Lines from the one holding "横川駅。いましたいました。S" through the end of the entries, inclusive, form the whole output; reproduce them exactly and omit pictures.

##### Dataset content #####

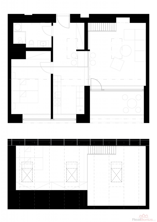 Apartmán se pronajímá částečně vybavený ? k dispozici je nová kuchyňská linka s elegantní kombinací černé a dřeva, včetně spotřebičů (myčka, lednice, varná deska, trouba, mikrovlnka). K dispozici jsou zde nevybavené prostory, které můžete využít dle své fantazie a tvořivosti. Koupelna je moderní a prostorná ? sprchový kout, umyvadlová skříňka, toaleta a pračka.
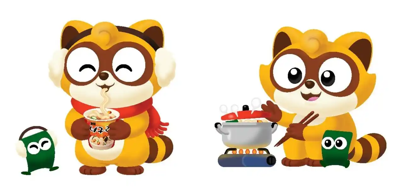韓国語で「たぬき」を意味する「ノグリ」くんは、温かい感性を持ち、ラーメンに対する強い職人魂を持っているキャラクター。情熱にあふれる一方、ときには人生の憂いに浸る感傷的な一面もあります。 |
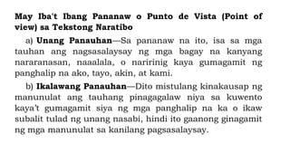 Unang Panauhan sa pananaw na ito isa sa mga tauhan ang nagsasalaysay ng ...
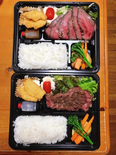 今日は応援する気持ちでステーキ弁当とローストビーフ弁当を電話注文。受け取りに訪れたのは夕食時でしたがお店にお客さんは無く、声援の言葉を掛けて持ち帰って来ました。しめて税込み3000円。キャッシュレス還元も5%。
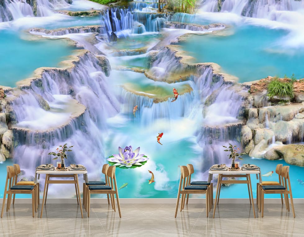 Create a captivating focal point with our 3D Waterfall Mural. This mural features a breathtaking multi-tiered waterfall with crystal-clear turquoise waters, lush greenery, and a beautiful lotus flower, creating a serene and immersive 3D effect. Each mural is printed with high-quality materials and vibrant inks, ensuring a lasting and visually stunning addition to your decor. Perfect for living rooms, bedrooms, bathrooms, or any space seeking a natural and calming vibe, this mural adds a touch of paradise and tranquility. Display it in your main area to create an unforgettable atmosphere. Explore our collection of 3D and nature murals for more immersive and serene designs.
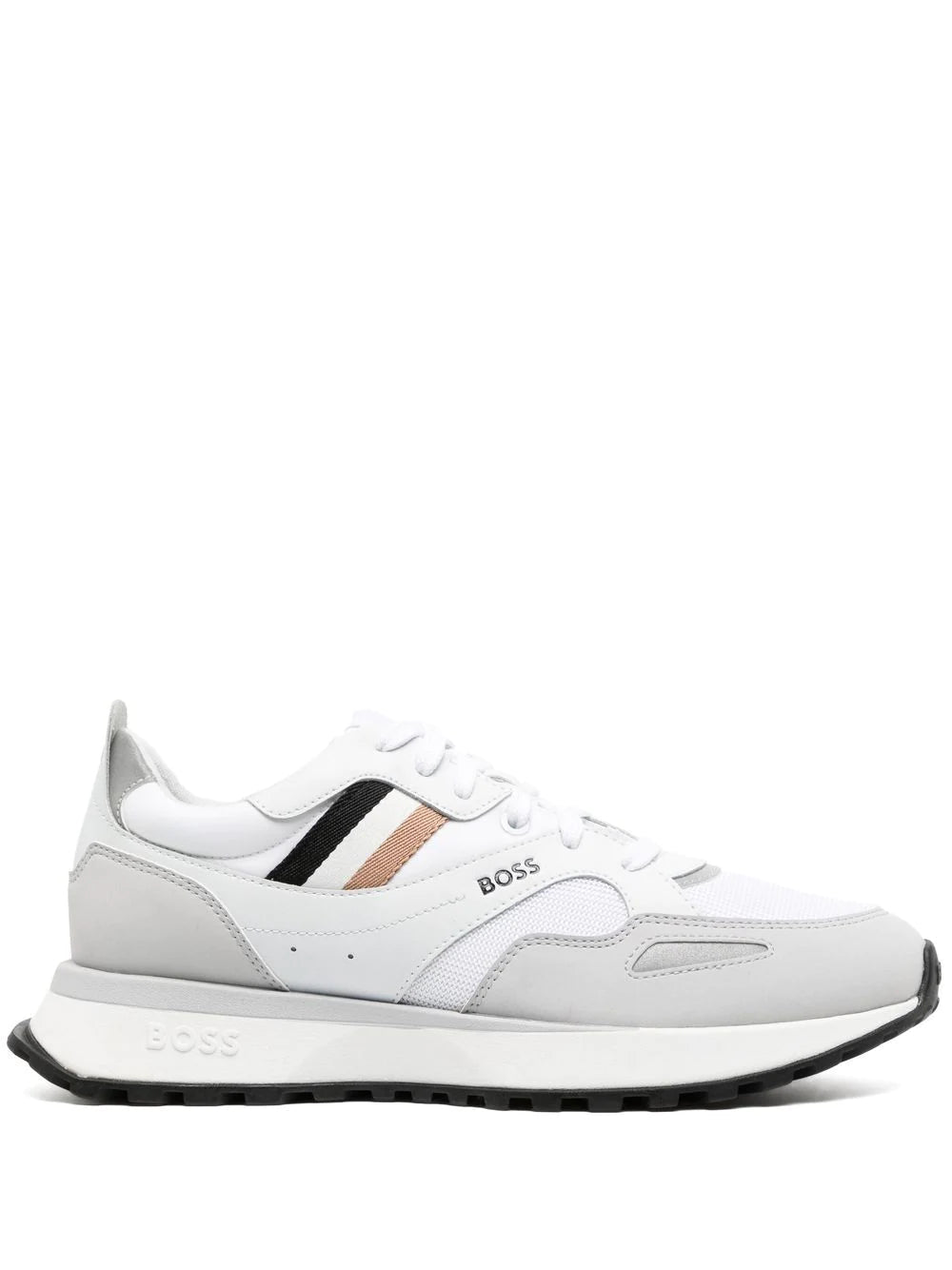 Jonah low-top panelled sneakers from BOSS featuring ivory white, black, beige, calf leather, branded heel counter, panelled design, almond toe, front lace-up fastening and flat rubber sole.
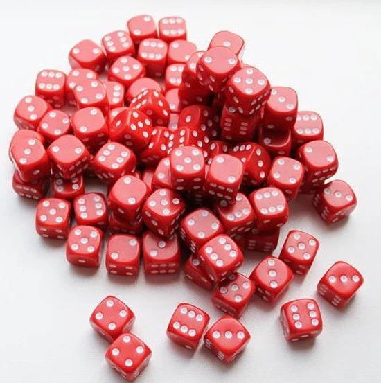 Kunststof dobbelsteen met normale stippen en een afmeting van 16mm in de kleur rood. De rode dobbelstenen zijn verpakt in een zak van 100 stuks.
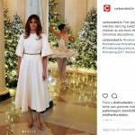 WASHINGTON – Melania Trump, abito bianco Dior: polemica sul web FOTO. Sembra una visione Melania Trump: in occasione della presentazione degli addobbi di Natale della Casa Bianca, la first lady ha sfoggiato un abito da sogno firmato Dior. Si tratta di un abito bianco candido dallo stile principesco, maniche a tre quarti e gonna ampi, cintina in vita dorata in perfetta armonia con le scarpe sparkle-gold. Il tema delle decorazioni allestite quest’anno insieme al grande abete nazionale, scelto da lei, è “Tradizioni onorate dal tempo” in omaggio ai 200 anni di tradizioni natalizie alla Casa Bianca.
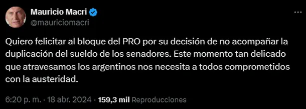 Luego del aumento excesivo en el salario de los senadores, el expresidente Mauricio Macri felicitó a los senadores que pertenecen al bloque del PRO por “su decisión de no acompañar la duplicación de su sueldo”.
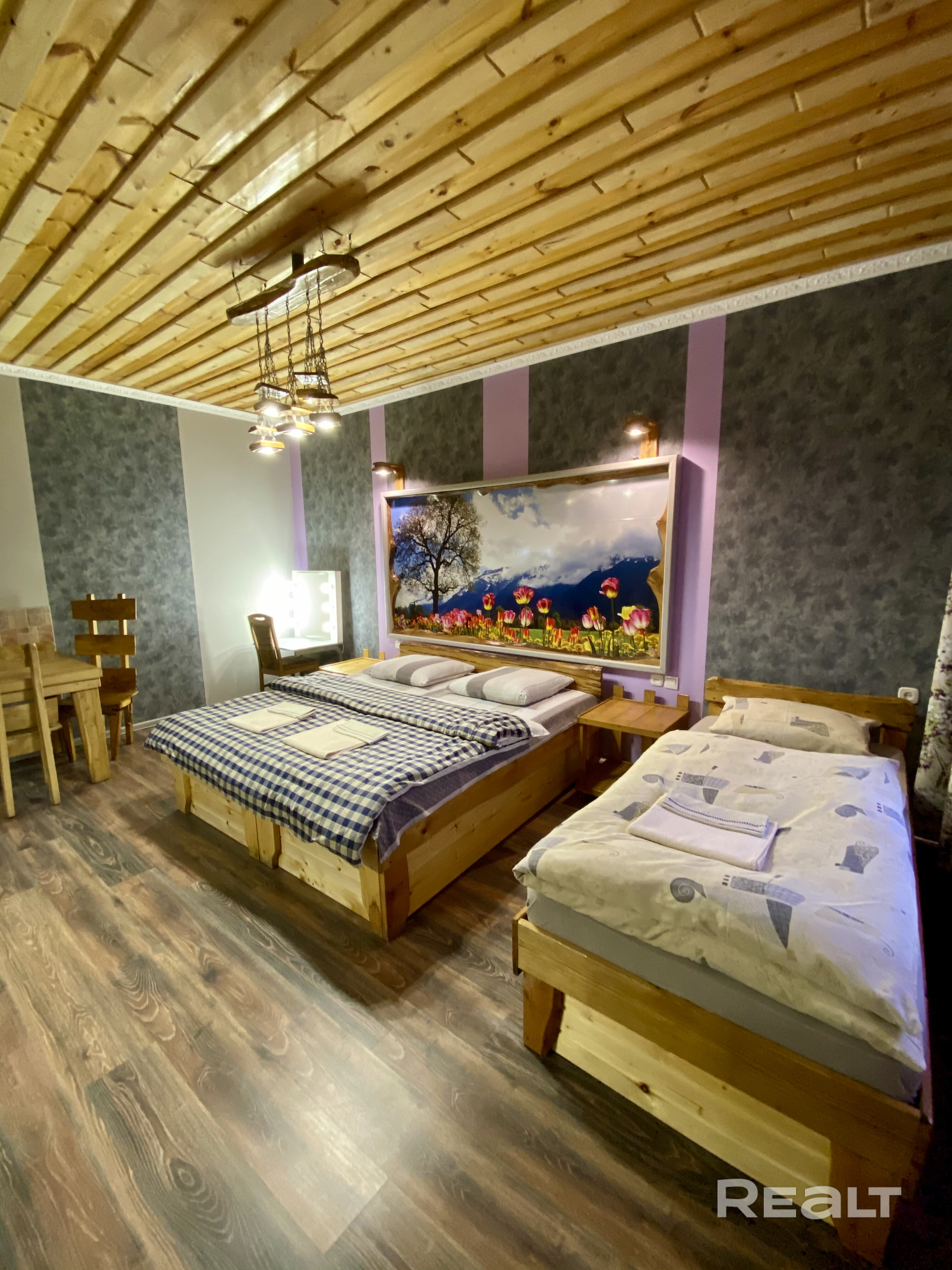 В шаговой доступности от коттеджа – продуктовый магазин, кафе, банк, аптека, рынок. Совсем рядом – костел Рождества Девы Марии и Свято-Успенская церковь, оба храма конца 19 века. Усадьба расположена у подножья культурно-исторического комплекса «Замковая гора» – древнее городище, самый знаменитый исторический памятник Браслава. С вершины горы открываются незабываемые виды на Браслав, его окрестности и озера.
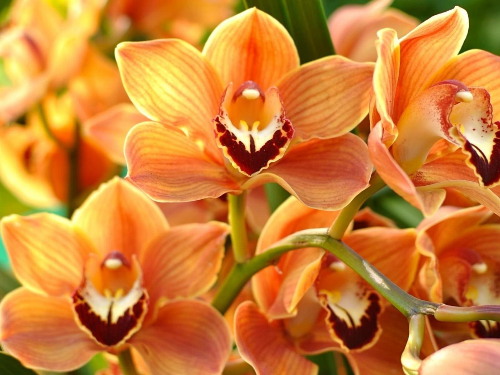 Обои Ветка красивой экзотической оранжевой орхидеи
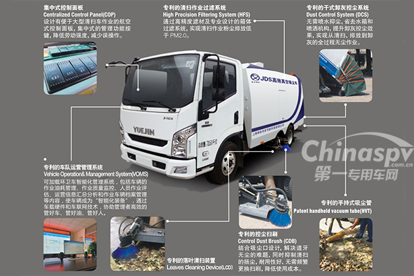 利用負(fù)壓純吸原理實(shí)現(xiàn)單向進(jìn)風(fēng),配裝專利無(wú)塵邊掃,實(shí)現(xiàn)路面縫隙和邊道路牙的快速高效清掃,節(jié)約水資源,避免清掃二次污染。
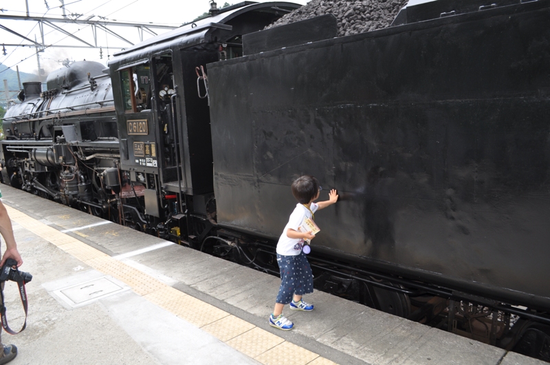 横川駅。いましたいました。SLです。今日はC61がいます。せっかくなので、入場券を買って至近から見学。もちろん都心よりは涼しいといっても、真夏の昼間が涼しいはずもなく、機関車のそばは焼けるように暑い。それでも、(物心ついてから)初めて実物のSLを見る下の子(2歳)は大はしゃぎ。上の子(5歳)は昨年も大井川鉄道でSLを見ているので、それほどでもない・・・が、気づくと手が真っ黒!どうやら車体に触ってきたらしい。
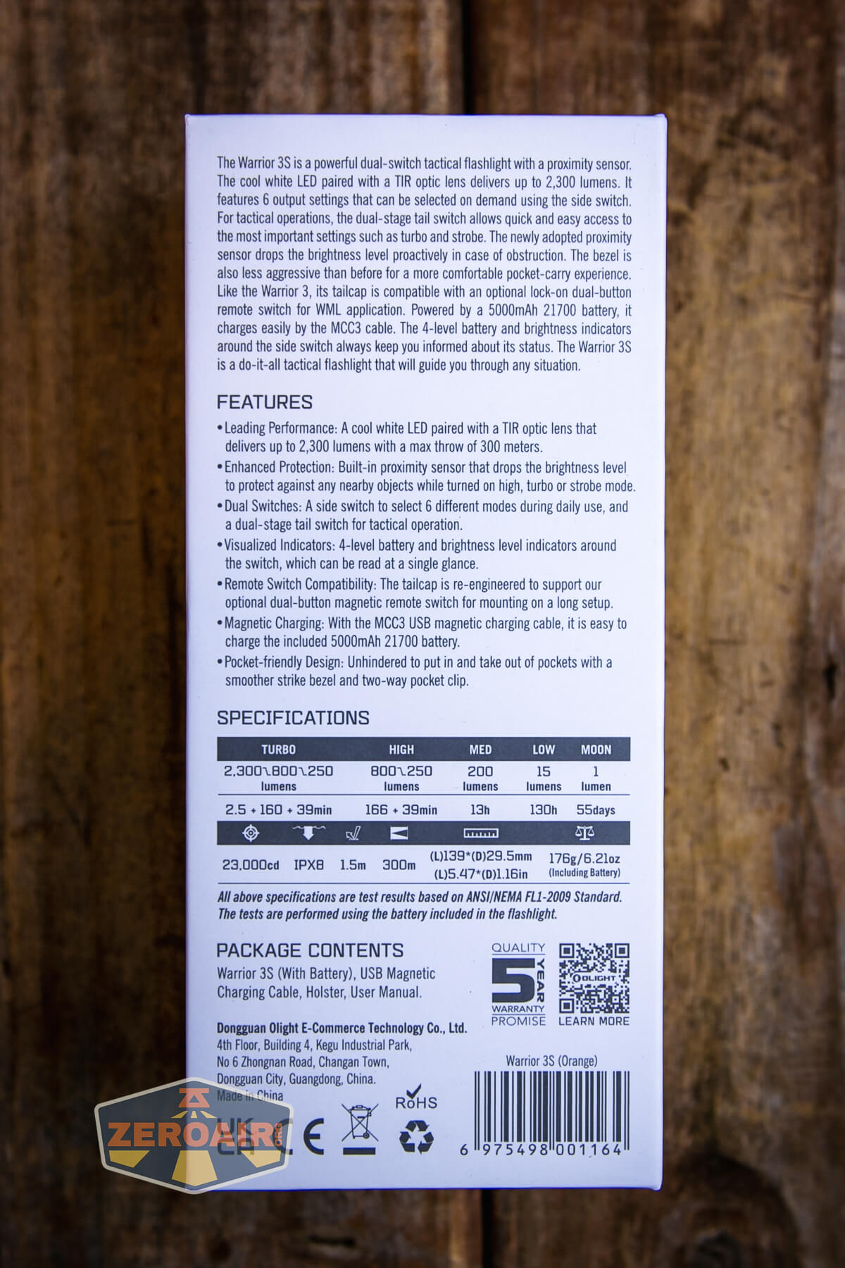 One huge upgrade that Olight has been making (and is included in the Warrior 3S) is that the proximity sensor can be disabled! Here’s how. With the light on, cause the proximity sensor to activate. Within 5 seconds from the light stepping down, double click. The sensor is now disabled for this session. Double clicking will of course enter Turbo output, but you can cycle the modes and the proximity sensor will still be disabled. Turning the light off resets the proximity sensor!

#####

◆ Output below ◆
 横川駅。いましたいました。SLです。今日はC61がいます。せっかくなので、入場券を買って至近から見学。もちろん都心よりは涼しいといっても、真夏の昼間が涼しいはずもなく、機関車のそばは焼けるように暑い。それでも、(物心ついてから)初めて実物のSLを見る下の子(2歳)は大はしゃぎ。上の子(5歳)は昨年も大井川鉄道でSLを見ているので、それほどでもない・・・が、気づくと手が真っ黒!どうやら車体に触ってきたらしい。
 One huge upgrade that Olight has been making (and is included in the Warrior 3S) is that the proximity sensor can be disabled! Here’s how. With the light on, cause the proximity sensor to activate. Within 5 seconds from the light stepping down, double click. The sensor is now disabled for this session. Double clicking will of course enter Turbo output, but you can cycle the modes and the proximity sensor will still be disabled. Turning the light off resets the proximity sensor!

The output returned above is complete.